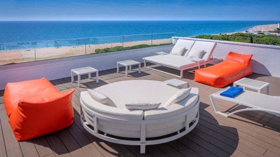 панорамен басейн на покрива (само за гости над 18 г.), предлагащ впечатляваща гледка към Средиземно море,
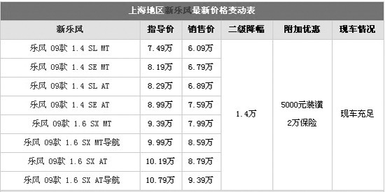 新樂風目前共有1.2/1.4/1.6三種排量9款車型在售,一般銷售的都為1.4L和1.6L車型,其中熱賣的新樂風1.6L SX車型標配ABS/EBD和前排雙安全氣囊等安全配置,同時配備真皮座椅和真皮方向盤等。
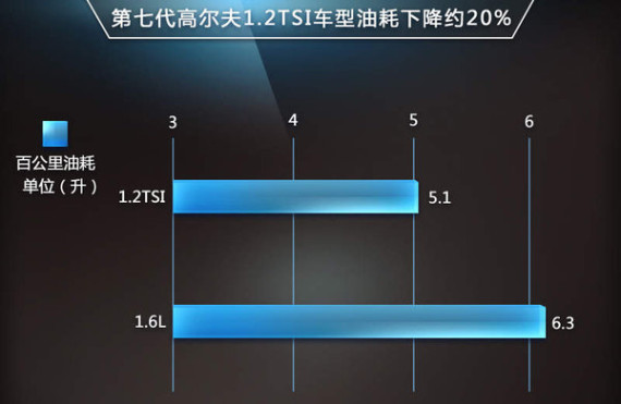 根据工信部目前所公示的相关信息,搭载1.2TSI涡轮增压发动机的全新高尔夫,百公里综合油耗为5.1L,相比目前与其动力相当的1.6L自然吸气车型6.3L(自动挡车型)的油耗数据而言下降了约20%,在燃油经济性方面的表现十分突出。
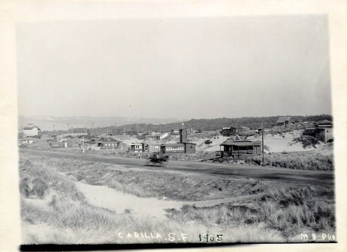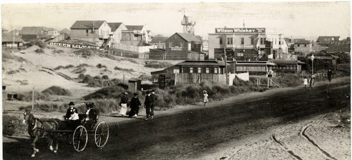 Sadly, Carville became too big for the humble infrastructure. The charming wooden walkways were replaced with concrete sidewalks. Power lines and phone lines began to populate the neighborhood. The increase in amenities came with a decline in interest. All of what made Carville-by-the-Sea a glorious aside from the gold-rushed city had been tainted by unrestricted development. Around 1910, realtors started to sell smaller, cottage-like houses near the dunes (much more successful than Sutro’s try at mansions), and Carville slowly dissolved into the newly developed Outer Sunset.

:: PROBLEM REQUIREMENTS ::
Retype, exactly and with no pictures, everything above from the line with "新樂風目前共有1.2/1.4" down to the line with "根据工信部目前所公示的相关信", both included.

:: RESPONSE BOX ::
 新樂風目前共有1.2/1.4/1.6三種排量9款車型在售,一般銷售的都為1.4L和1.6L車型,其中熱賣的新樂風1.6L SX車型標配ABS/EBD和前排雙安全氣囊等安全配置,同時配備真皮座椅和真皮方向盤等。
 根据工信部目前所公示的相关信息,搭载1.2TSI涡轮增压发动机的全新高尔夫,百公里综合油耗为5.1L,相比目前与其动力相当的1.6L自然吸气车型6.3L(自动挡车型)的油耗数据而言下降了约20%,在燃油经济性方面的表现十分突出。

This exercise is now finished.